The main risks of AI sewer inspection tools include overcoding (which inflates rehabilitation budgets), undercoding (which misses critical defects), misleading confidence scores that lack context, vendor lack of transparency about QA/QC and model training, video tampering such as altering overlays, distances, or aspect ratios that compromises inspection integrity, and incomplete QA/QC where only a sample of inspections is reviewed. Mitigating these risks requires choosing a vendor with 100 percent human review, documented model performance metrics, transparent workflows, and a commitment to preserving the original video record.
Overcoding is when AI flags more defects than are actually present, often because the model confuses look-alike features such as cobwebs, light cracks, and roots, which inflates rehabilitation cost estimates and unnecessary repair scopes.
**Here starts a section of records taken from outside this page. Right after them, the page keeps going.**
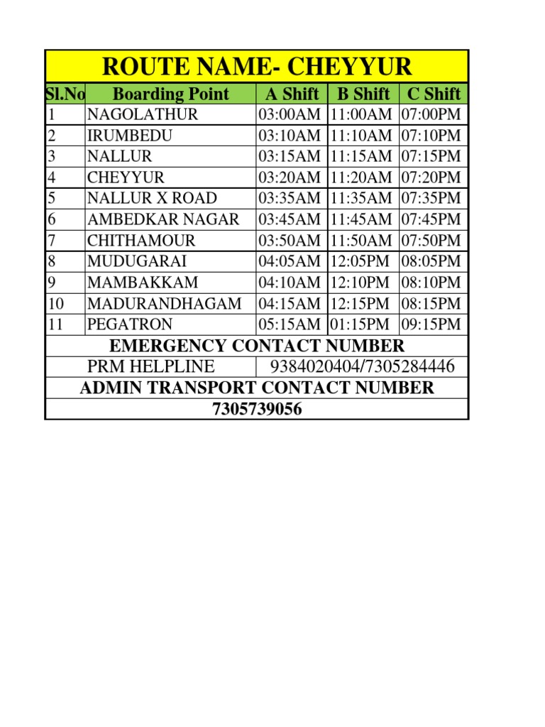 Sl.No Boarding Point A Shift B Shift C Shift
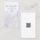 Personalice la tarjeta de visita bonito Light Pale Purple Crystals Salon / Spa con su logotipo, nombre de su empresa, información de contacto y código QR propio para satisfacer sus necesidades de negocio. Estas elegantes tarjetas de llamadas incluyen una fotografía de cierre etéreo de un espécimen geodésico de cuarzo de roca blanca con un toque violeta pálido añadido y un fondo blanco. Clara cuarzo también se conoce como "sanador maestro" y "piedra de poder" y se dice que amplifica cualquier energía o intención y hace una mejora o adición única a sus productos promocionales de la empresa. Idea perfecta para masajista natural, curador reiki ayurveda o profesional estético.
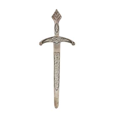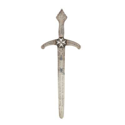 in the form of a broadsword, cast and chased with Celtic motifs, with applied Cross of St John verso and inscriptions KNIGHT HOSPITALLER OF ST JOHN OF JERUSALEM ETC.., stamped maker's marks AR/ IONA, hallmarked Chester 1908
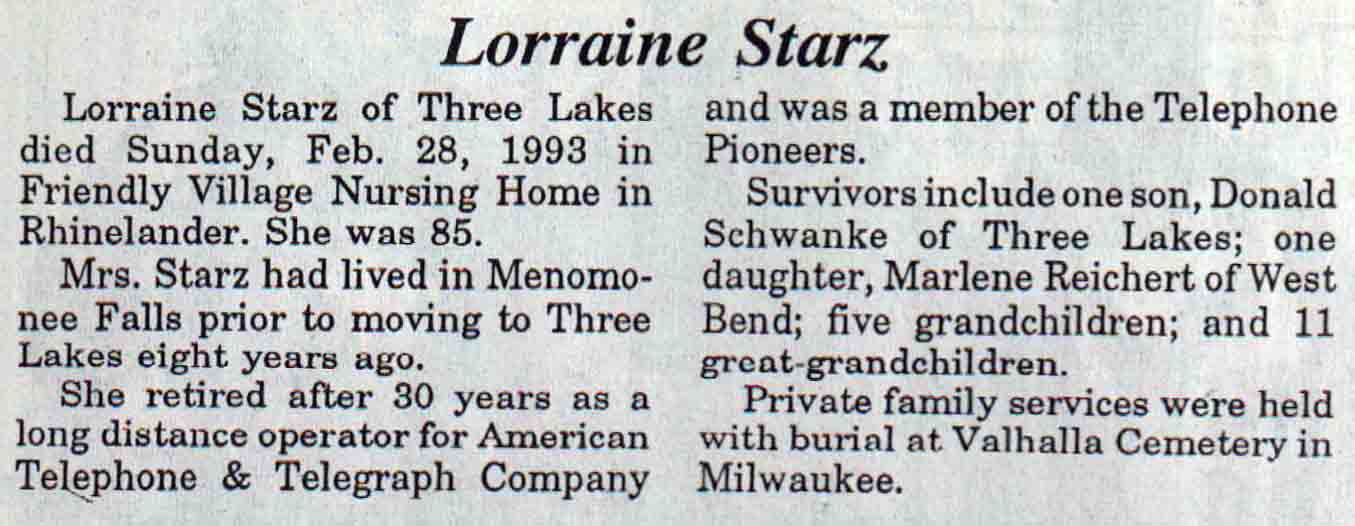 | Starz | Lorraine | c 1908 | 28 Feb 1993 | V N-R | 03 Mar 1993 | 4 |
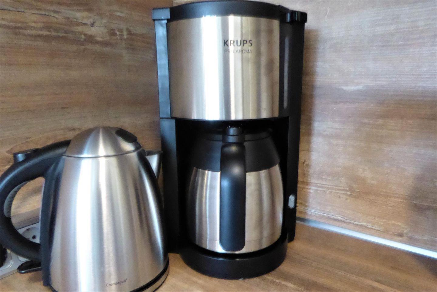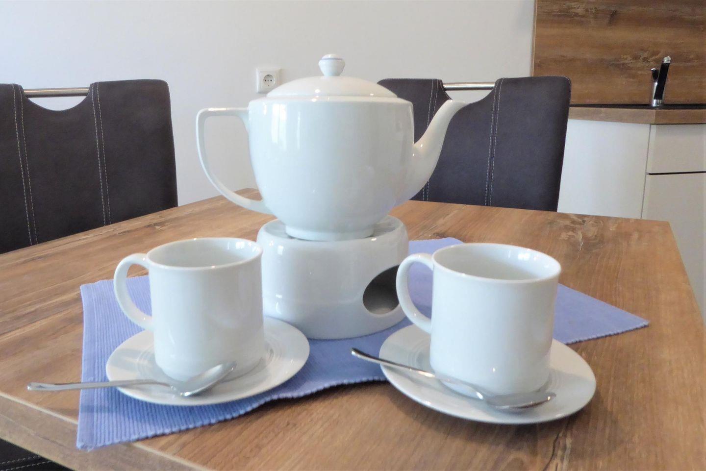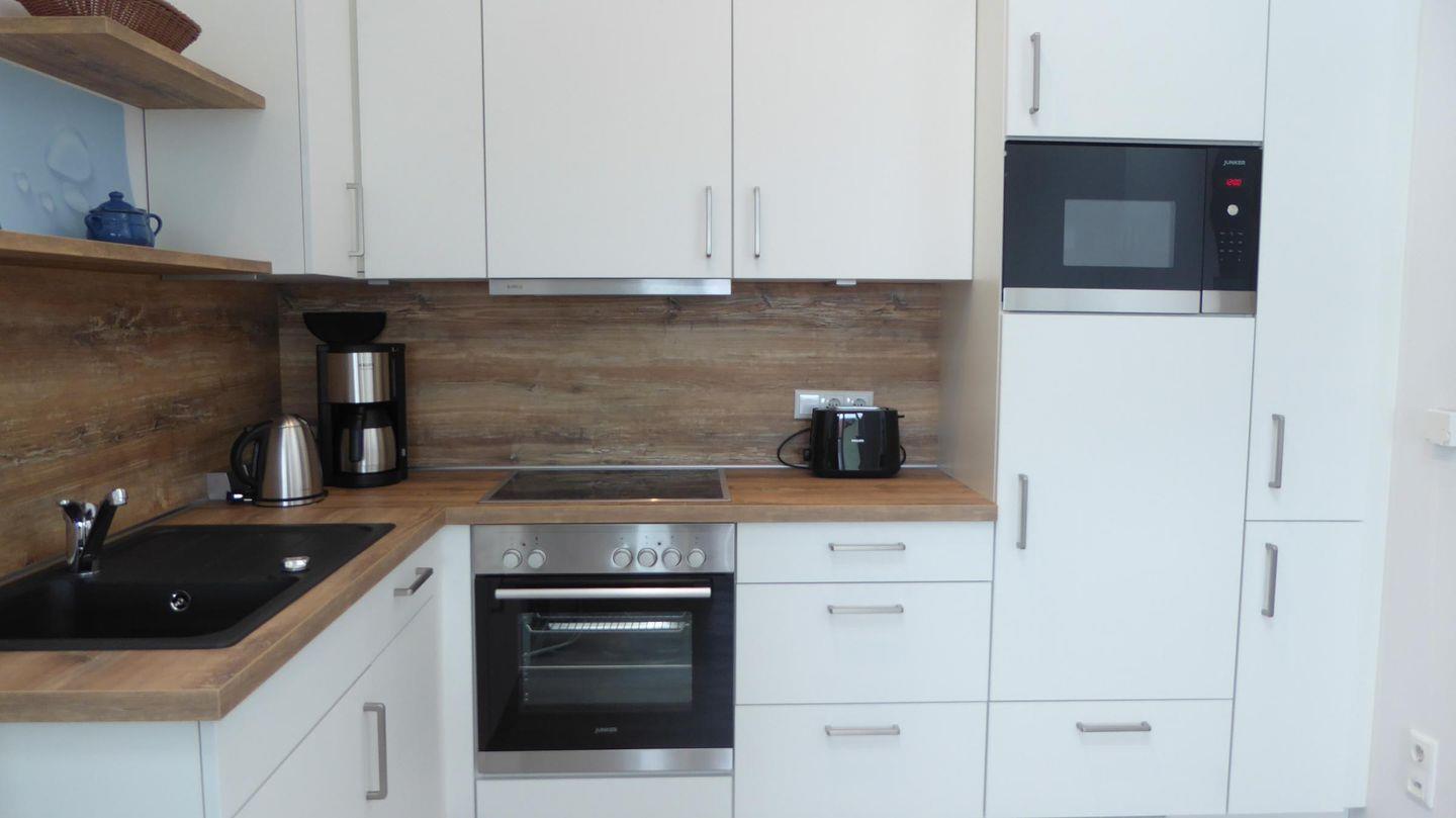 Küche und Haushalt: Einbauküche, Kühlschrank mit Gefrierfach, 4-Zonen Cerankochfeld, Backofen, Dunstabzugshaube, Geschirrspüler, Kaffeefiltermaschine, Toaster, Wasserkocher, hochwertiges Geschirr und Besteck, Eierkocher, Mikrowelle
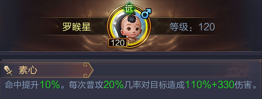 他的性格能为自己提升命中属性,并让自己的普攻附带额外的伤害,妥妥是个输出子嗣的候选人。但因为来得晚,前期的属性差不是一时半会就能弥补的,如果刚来就直接把好用的输出技能学了,那么在实战中伤害就会很轻易的被敌人闪避掉。所以他的技能搭配就要像月魁星一样经历两个阶段,在第二个阶段才能确定最终的发展路线和技能。
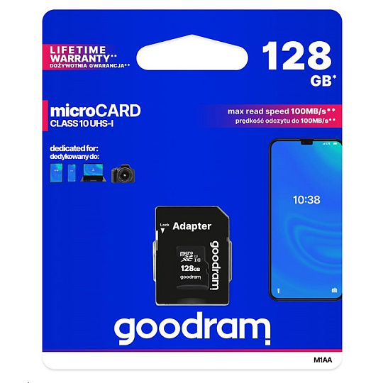 MicroCARD memory cards with UHS-I interface are ideal for modern devices. The fast UHS-I interface allows you to take full advantage of modern smartphones and tablets, and the adapter included in the M1AA set allows you to use your microCard also in devices with an SD card slot.
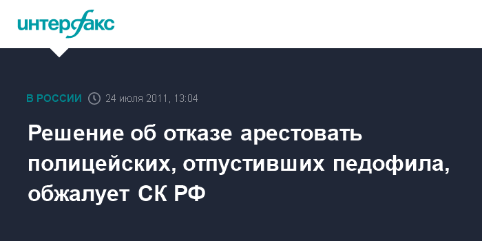 Решение об отказе арестовать полицейских, отпустивших педофила, обжалует СК РФ

Undercoding is when AI misses real defects, which leaves critical structural and operational issues unaddressed and exposes utilities to risk. The most effective way to prevent both is a human-in-the-loop workflow with NASSCO-certified review on 100 percent of inspections and a model trained on human-validated examples that distinguish between visually similar conditions.
AI sewer inspection results should be QA/QC verified by NASSCO-certified coders on 100 percent of inspections, not just a sample. The verification process should preserve the original video without altering overlays, distances, or aspect ratios, document changes made during review for audit purposes, and feed flagged inspections back into the model retraining loop for continuous improvement. Vendors should be willing to explain their full QA/QC workflow, share model performance KPIs, and demonstrate how look-alike defects are distinguished to prevent overcoding and undercoding.
AiDetect is the AI-assisted defect coding solution from ITpipes that automatically identifies and codes defects in CCTV sewer pipe inspections according to NASSCO PACP standards. AiDetect uses a human-in-the-loop workflow, in which the AI processes inspection video, flags defects, and a NASSCO-certified coder reviews and finalizes every result before delivery. AiDetect supports faster turnaround (hours instead of days), consistent NASSCO coding, scalable inspection volumes, and seamless integration with GIS platforms like Esri ArcGIS and asset management systems such as OpenGov EAM, Trimble Cityworks, and Lucity.